We also decided to drop all other features except `text` and `keyword` because they have already been proven to be important features and that the other features are either dirty or are numerical data which GPT-2 does not take in.

## Import the necessary Libraries

In [1]:
import pandas as pd
import torch
from sklearn.model_selection import train_test_split
from sklearn.metrics import accuracy_score
from transformers import GPT2Tokenizer, GPT2Config, GPT2ForSequenceClassification, TrainingArguments, Trainer, TextClassificationPipeline
import re

## Load the Dataset

In [2]:
# Concatenate keyword and text so that it can be passed to GPT-2 model as input
def concatenate_keyword_text(file_path):
    data = pd.read_csv(file_path)
    data['keyword_text'] = data['keyword'].fillna('') + ' ' + data['text']
    return data

train = concatenate_keyword_text('../preprocessing/train.csv')
test = concatenate_keyword_text('../preprocessing/test.csv')

train_data = train.copy()
test_data = test.copy()

# Split the training data into train set and validation set
X_train, X_val, y_train, y_val = train_test_split(train_data["keyword_text"], train_data["target"], test_size=0.2, random_state=42)
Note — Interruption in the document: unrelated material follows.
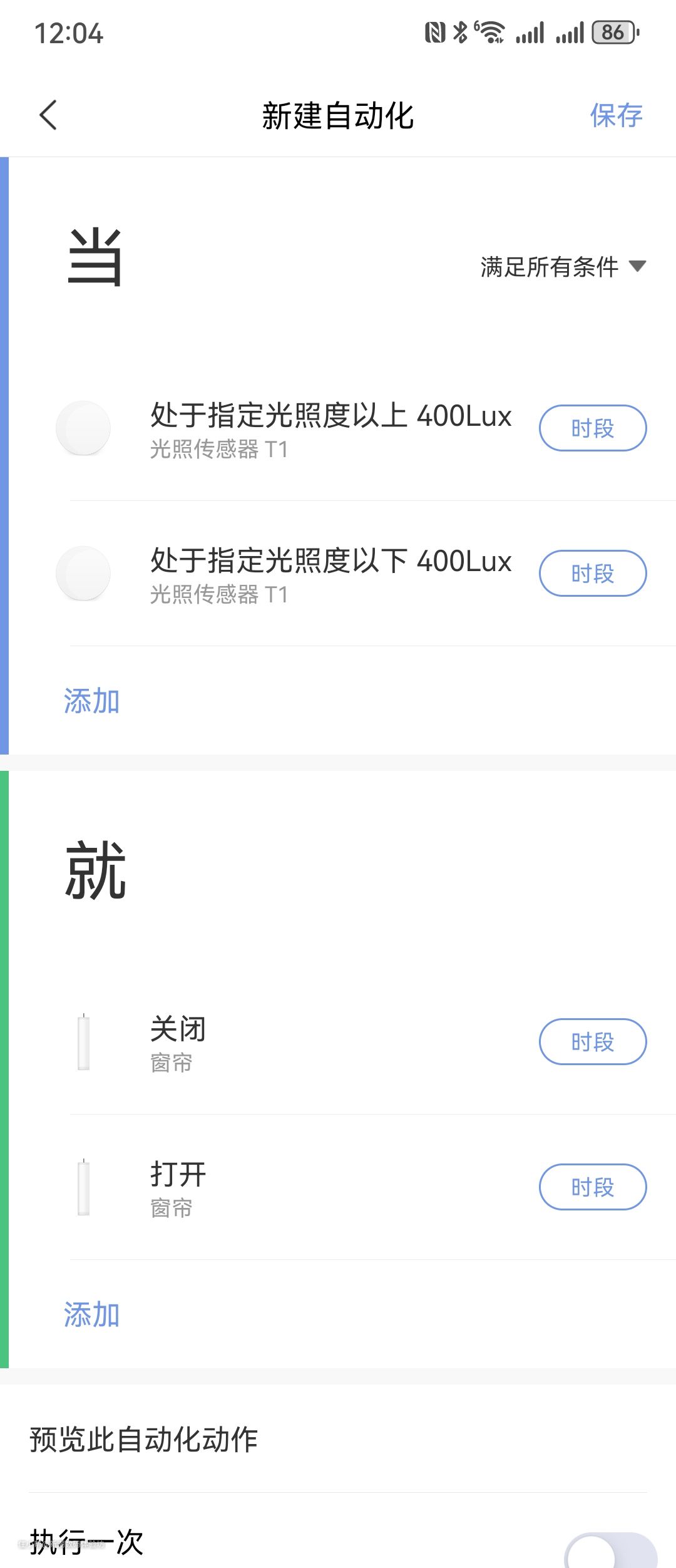 玩法四:大阳台的窗户上我安装了一个Aqara光照传感器,可以在App里设置处于指定光照度以上,就自动打开窗帘,处于指定光照度以下,则自动关闭窗帘。当然如果你没有光照传感器,也可以设置定时自动开合,早上自动开,晚上自动关。

## Load and Prepare GPT-2 Model

In [3]:
# Load the GPT-2 tokenizer, model, and configuration
tokenizer = GPT2Tokenizer.from_pretrained("gpt2")
config = GPT2Config.from_pretrained("gpt2", num_labels=2)
config.pad_token_id = tokenizer.eos_token_id
model = GPT2ForSequenceClassification.from_pretrained("gpt2", config=config)
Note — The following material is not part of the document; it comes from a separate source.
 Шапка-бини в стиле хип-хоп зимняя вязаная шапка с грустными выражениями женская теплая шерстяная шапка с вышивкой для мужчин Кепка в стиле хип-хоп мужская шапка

# Set a padding token for the GPT-2 tokenizer
tokenizer.pad_token = tokenizer.eos_token

# Tokenize the training and validation data
train_encodings = tokenizer(X_train.to_list(), truncation=True, padding=True)
val_encodings = tokenizer(X_val.to_list(), truncation=True, padding=True)

# Create a dataset object for the trainer
class DisasterDataset(torch.utils.data.Dataset):
    def __init__(self, encodings, labels):
        self.encodings = encodings
        self.labels = labels

    def __getitem__(self, idx):
        item = {key: torch.tensor(val[idx]) for key, val in self.encodings.items()}
        item["labels"] = torch.tensor(self.labels[idx])
        return item

    def __len__(self):
        return len(self.labels)

train_dataset = DisasterDataset(train_encodings, y_train.to_list())
val_dataset = DisasterDataset(val_encodings, y_val.to_list())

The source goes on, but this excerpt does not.